Оглядевшись в уютной викторианской комнате, Матти заметила еще одного политического корреспондента. Поглощенный разговором с министром, он явно не хотел, чтобы его беспокоили. Были еще двое, которых она, кажется, знала, но не была в этом уверена. За соседним столиком сидел незнакомый молодой мужчина, который в одиночку заканчивал свой завтрак. Ее внимание привлекла куча бумаг и папок на соседнем с ним кресле. И бумаги, и некоторая академичность в его одежде навели ее на мысль, что, скорее всего, это один из партийных чиновников, с которым она еще не была знакома. На папках она разглядела небрежно нацарапанную фамилию — К.Дж. Спенс.

Массированная бомбардировка кофеином давала о себе знать, Матти почувствовала, как в ней вновь просыпаются профессиональные инстинкты. И вот уже ее рука как бы сама по себе потянулась к неразлучной наплечной сумке — за списком внутренних телефонных номеров работников штаб-квартиры партии, который она когда-то не то выпросила, не то украла.

«Спенс. Кевин. Дополнительный 371. Опросы общественного мнения».

Спохватившись, что уже нахватала за утро кучу неприятностей из-за ошибок, связанных с этими опросами, Матти внимательно сверила фамилию в списке с той, что была на папках, но все в точности сошлось, ошибки не было. Сарказм редактора уничтожил ее веру в подкинутые данные последнего опроса, но не будет ничего плохого, если она попробует узнать, каковы на самом деле проценты, так ее взволновавшие. Она перехватила его взгляд.

— Кевин Спенс, если не ошибаюсь? Из штаб-квартиры партии? Матти Сторин из «Телеграф». Я недавно работаю в этой газете, но одна из моих обязанностей — знать все руководство партии. Не возражаете, если я выпью с вами чашечку кофе?

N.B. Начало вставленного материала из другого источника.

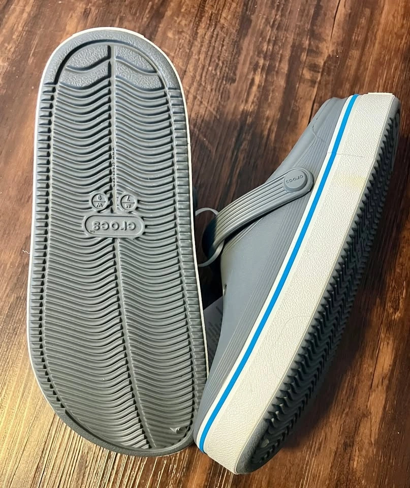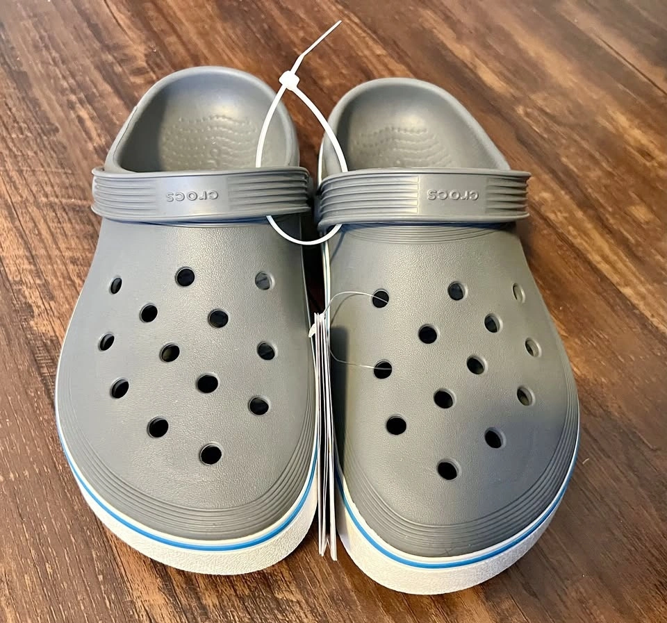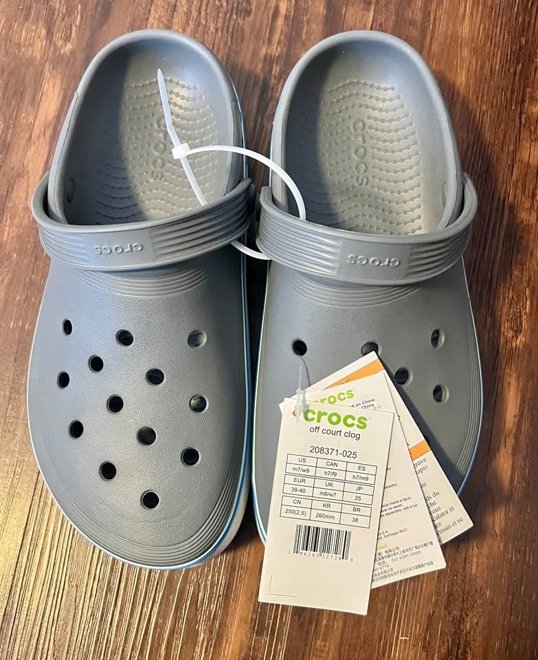 Brand new Crocs Off Court clogs in grey. Never worn, still attached with original tags. Size: Men’s 7 / Women’s 9 (M7/W9). Pickup in a public location.

Кевину Спенсу было 32, но выглядел он старше своих лет. Не женат, вся карьера связана с работой в штаб-квартире партии, за которую он получал жалованье в 10 200 фунтов, настоящий кадровый партийный бюрократ. Он согласно кивнул головой, и вскоре они погрузились в разговор. Спенс был довольно застенчив, ему польстило, что его узнал кто-то из газеты, и минутами позже он уже с воодушевлением детально рассказывал ей о своей работе и тех регулярных данных об эволюционных процессах в общественном мнении, которыми в дни конференции он снабжал премьер-министра и членов военного комитета партии. Да, признал он, они действительно всерьез принимают данные опросов населения, несмотря на то, что о них говорят на телевидении. По его мнению, некоторые из них воспринимали результаты опросов даже слишком серьезно.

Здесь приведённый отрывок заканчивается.